At last, exhausted, she had slept for a little, but the pain in her abused body had wakened her. Just in time, for she could hear footsteps on the hillside.
And she had run for her life, coming at last, her strength gone, to a small grove of trees. There she had expected to die. Instead two men had fought for her, then helped her to a cave high in the hills.
They had not raped her or offered any threat, yet her terror would not subside. She glanced at the man called Banokles. He was heavily muscled, his face brutish and coarse, his blue eyes unable to disguise the lust he felt as he stared at her. There was no defense against him save for the wall of contempt she had created. The small dagger Kalliades had given her would be useless against such a man. He would knock it from her grip and bear her down as the pirates on the ship had.

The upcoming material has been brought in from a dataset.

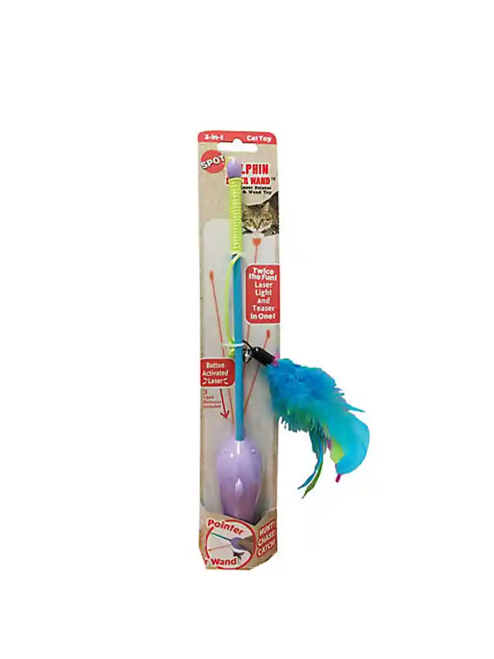 Dale a tu bebé peludo el doble de diversión con el juguete para gatos Ethical Pet Dolphin Laser Wand. Este maravilloso juguete combinado presenta una pluma que revolotea en una varita teaser Y una luz láser. ¡Tu gatito no creerá lo que ve cuando saques este juguete! Un botón en el lindo mango con forma de ratón te permite activar el láser cuando lo desees. ¡Incluso hay una pequeña campana para divertirse mientras juegas! La divertida varita teaser tiene un juguete de plumas revoloteando para atraer a tu gato a jugar. Una campana trae diversión ruidosa a las sesiones de juego. Una luz láser lleva el juego a otro nivel. Activa el láser con el botón del mango con forma de ratón. Viene con baterías para alimentar el láser.

She swallowed hard, pushing the awful memories away, though it was beyond her skill to shut out the pain of her injuries, the bruising and cuts from punches and slaps, and the piercing of her body.
The big warrior was not looking at her but staring at the tall, slim young man standing some distance away by a twisted tree. She recalled his promise to stand by her, then anger flowed once more.
He is a
pirate.
He will betray you. All men are betrayers. Vile, lustful, and devoid of pity.
Yet he had vowed to protect her.
A man’s promises are like the whispers of a running stream. You can hear them, but they are meaningless sounds. That was what the First Priestess had said.